Jeff was a guest judge on Lifestyle Channel´s "Great BBQ Challenge", has had regular appearances on Channel Nine´s "Fresh", all while starting up his own consulting & catering business, "Jet Food". Jeff wants to make his own mark on the Australian food scene through education, enthusiasm and fun. With plans for a book, TV show, and to assist "Suicide Prevention Australia", this will be one busy boy, but that´s just the way he likes it.

Peter Everett
Peter Everett comes to Ready Steady Cook with a passion for food and a passion for life. Although he counts cooking as a major hobby (he makes a great Thai salad) Peter is not a chef. He therefore "de-jargons the chef-speak", asks lots of questions, and generally acts as a link between the audience and the professional chefs, making the show both extremely entertaining and educational.
Peter is well known as the interior designer who, after being told by Princess Diana's clairvoyant in London in 1996 that he would end up on TV, found himself on that very medium on home renovation programs including Changing Rooms, Renovation Rescue and Amazing Homes.
But there's much more to Peter than renovating. Peter grew up "an outback kid" in Charleville, central Queensland. A natural entertainer, he moved to Brisbane as a teen and joined a singing group.

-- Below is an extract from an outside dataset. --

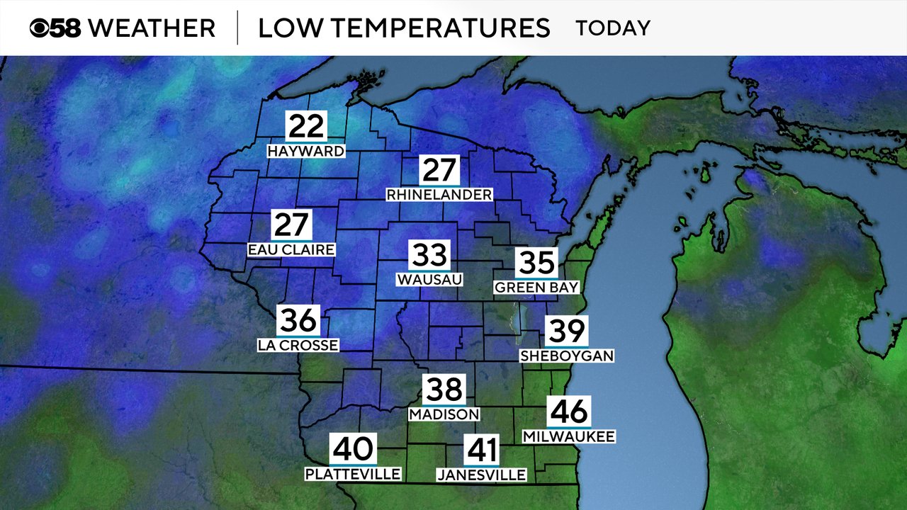 Wednesday morning was the coldest morning in a month. Lows dropped into the 40s for everyone and even some northern counties got all the way down to the upper 30s. The growing season came to an end in northern Wisconsin where they had widespread 20s and were under freeze warnings with frost advisories extending as far south as the Dells and east as Green Bay.

He spent years travelling and living in the U.S. and Hong Kong before settling in Sydney to run the Queen Street Brasserie.
Apart from cooking, his hobbies include yoga, photography and horse riding.
Peter Everett loves food and he loves an audience, so filming in front of RSC's studio audience makes hosting his third series of Ready Steady Cook a dream job for this fun-loving and lovable personality.